# DATA EXTRACT

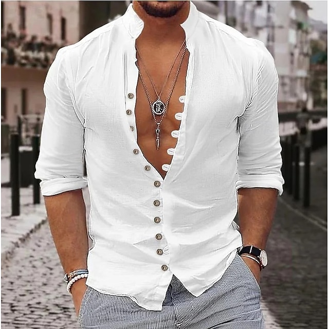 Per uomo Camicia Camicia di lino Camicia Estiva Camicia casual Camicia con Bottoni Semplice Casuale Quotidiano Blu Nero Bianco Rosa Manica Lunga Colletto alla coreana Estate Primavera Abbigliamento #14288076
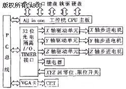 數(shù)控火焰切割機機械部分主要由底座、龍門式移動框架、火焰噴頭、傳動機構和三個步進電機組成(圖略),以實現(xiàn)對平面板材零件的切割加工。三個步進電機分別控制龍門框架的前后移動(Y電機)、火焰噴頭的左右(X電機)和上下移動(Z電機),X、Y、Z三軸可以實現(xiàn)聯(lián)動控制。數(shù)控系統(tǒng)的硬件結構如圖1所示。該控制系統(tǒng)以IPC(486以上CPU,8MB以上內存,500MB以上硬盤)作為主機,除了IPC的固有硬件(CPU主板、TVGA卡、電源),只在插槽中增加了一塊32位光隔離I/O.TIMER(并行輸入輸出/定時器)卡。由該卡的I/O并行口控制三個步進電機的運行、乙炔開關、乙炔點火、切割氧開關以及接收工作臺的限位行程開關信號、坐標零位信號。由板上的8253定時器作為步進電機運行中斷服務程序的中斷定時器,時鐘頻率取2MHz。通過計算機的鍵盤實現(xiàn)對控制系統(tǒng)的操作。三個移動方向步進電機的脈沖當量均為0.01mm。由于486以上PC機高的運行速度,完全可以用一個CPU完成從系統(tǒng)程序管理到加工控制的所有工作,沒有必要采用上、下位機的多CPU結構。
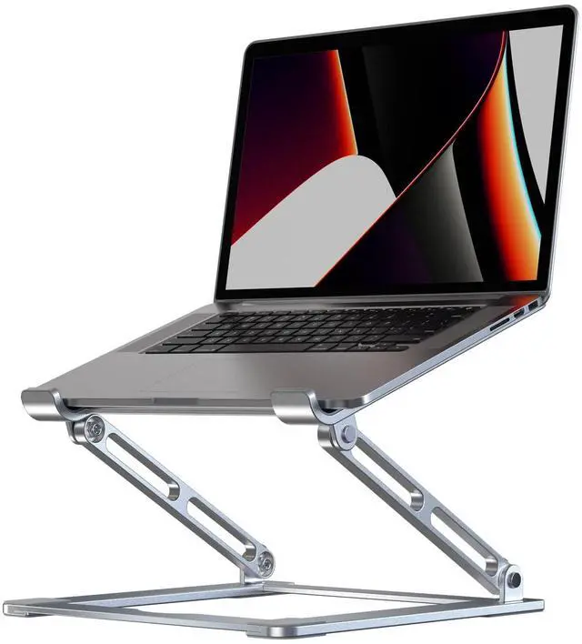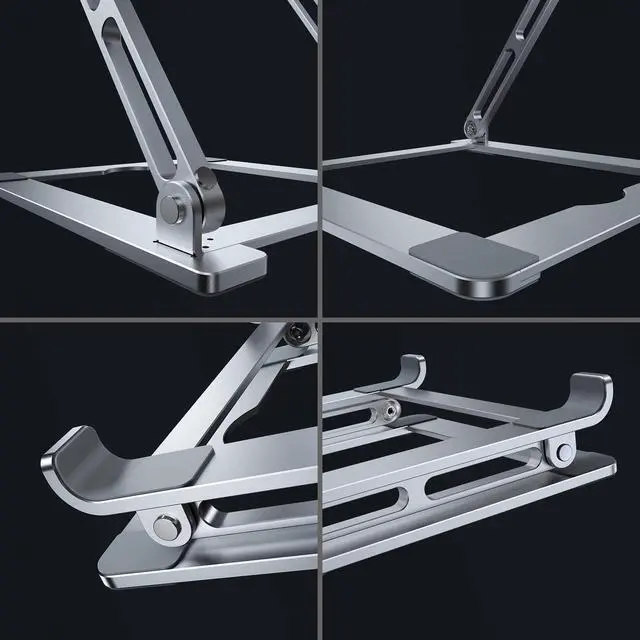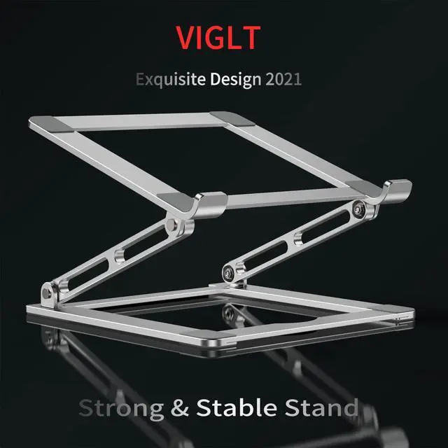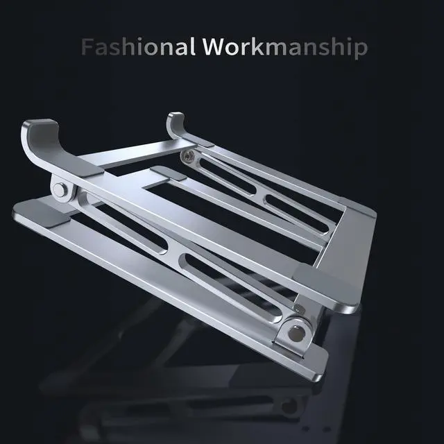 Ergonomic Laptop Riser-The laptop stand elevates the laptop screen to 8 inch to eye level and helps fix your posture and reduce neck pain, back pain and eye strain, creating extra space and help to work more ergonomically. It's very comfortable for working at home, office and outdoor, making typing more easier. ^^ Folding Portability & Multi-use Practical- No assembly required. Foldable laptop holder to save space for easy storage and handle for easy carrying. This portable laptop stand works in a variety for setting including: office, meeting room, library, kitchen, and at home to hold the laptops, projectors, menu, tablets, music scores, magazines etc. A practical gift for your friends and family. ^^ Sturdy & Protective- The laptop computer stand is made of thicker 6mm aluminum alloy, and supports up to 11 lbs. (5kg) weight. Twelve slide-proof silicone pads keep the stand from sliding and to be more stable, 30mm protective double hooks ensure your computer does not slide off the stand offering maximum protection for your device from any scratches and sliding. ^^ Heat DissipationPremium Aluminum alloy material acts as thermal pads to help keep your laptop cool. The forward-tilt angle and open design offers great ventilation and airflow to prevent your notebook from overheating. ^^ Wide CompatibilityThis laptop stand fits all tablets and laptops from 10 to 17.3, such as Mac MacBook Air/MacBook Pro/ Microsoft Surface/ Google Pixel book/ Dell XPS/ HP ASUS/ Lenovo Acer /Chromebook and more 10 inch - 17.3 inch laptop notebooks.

# WHAT IS BEING ASKED
Please print the listing above again word for word, without its pictures.

# COMPLETED TASK
 Per uomo Camicia Camicia di lino Camicia Estiva Camicia casual Camicia con Bottoni Semplice Casuale Quotidiano Blu Nero Bianco Rosa Manica Lunga Colletto alla coreana Estate Primavera Abbigliamento #14288076
 數(shù)控火焰切割機機械部分主要由底座、龍門式移動框架、火焰噴頭、傳動機構和三個步進電機組成(圖略),以實現(xiàn)對平面板材零件的切割加工。三個步進電機分別控制龍門框架的前后移動(Y電機)、火焰噴頭的左右(X電機)和上下移動(Z電機),X、Y、Z三軸可以實現(xiàn)聯(lián)動控制。數(shù)控系統(tǒng)的硬件結構如圖1所示。該控制系統(tǒng)以IPC(486以上CPU,8MB以上內存,500MB以上硬盤)作為主機,除了IPC的固有硬件(CPU主板、TVGA卡、電源),只在插槽中增加了一塊32位光隔離I/O.TIMER(并行輸入輸出/定時器)卡。由該卡的I/O并行口控制三個步進電機的運行、乙炔開關、乙炔點火、切割氧開關以及接收工作臺的限位行程開關信號、坐標零位信號。由板上的8253定時器作為步進電機運行中斷服務程序的中斷定時器,時鐘頻率取2MHz。通過計算機的鍵盤實現(xiàn)對控制系統(tǒng)的操作。三個移動方向步進電機的脈沖當量均為0.01mm。由于486以上PC機高的運行速度,完全可以用一個CPU完成從系統(tǒng)程序管理到加工控制的所有工作,沒有必要采用上、下位機的多CPU結構。
 Ergonomic Laptop Riser-The laptop stand elevates the laptop screen to 8 inch to eye level and helps fix your posture and reduce neck pain, back pain and eye strain, creating extra space and help to work more ergonomically. It's very comfortable for working at home, office and outdoor, making typing more easier. ^^ Folding Portability & Multi-use Practical- No assembly required. Foldable laptop holder to save space for easy storage and handle for easy carrying. This portable laptop stand works in a variety for setting including: office, meeting room, library, kitchen, and at home to hold the laptops, projectors, menu, tablets, music scores, magazines etc. A practical gift for your friends and family. ^^ Sturdy & Protective- The laptop computer stand is made of thicker 6mm aluminum alloy, and supports up to 11 lbs. (5kg) weight. Twelve slide-proof silicone pads keep the stand from sliding and to be more stable, 30mm protective double hooks ensure your computer does not slide off the stand offering maximum protection for your device from any scratches and sliding. ^^ Heat DissipationPremium Aluminum alloy material acts as thermal pads to help keep your laptop cool. The forward-tilt angle and open design offers great ventilation and airflow to prevent your notebook from overheating. ^^ Wide CompatibilityThis laptop stand fits all tablets and laptops from 10 to 17.3, such as Mac MacBook Air/MacBook Pro/ Microsoft Surface/ Google Pixel book/ Dell XPS/ HP ASUS/ Lenovo Acer /Chromebook and more 10 inch - 17.3 inch laptop notebooks.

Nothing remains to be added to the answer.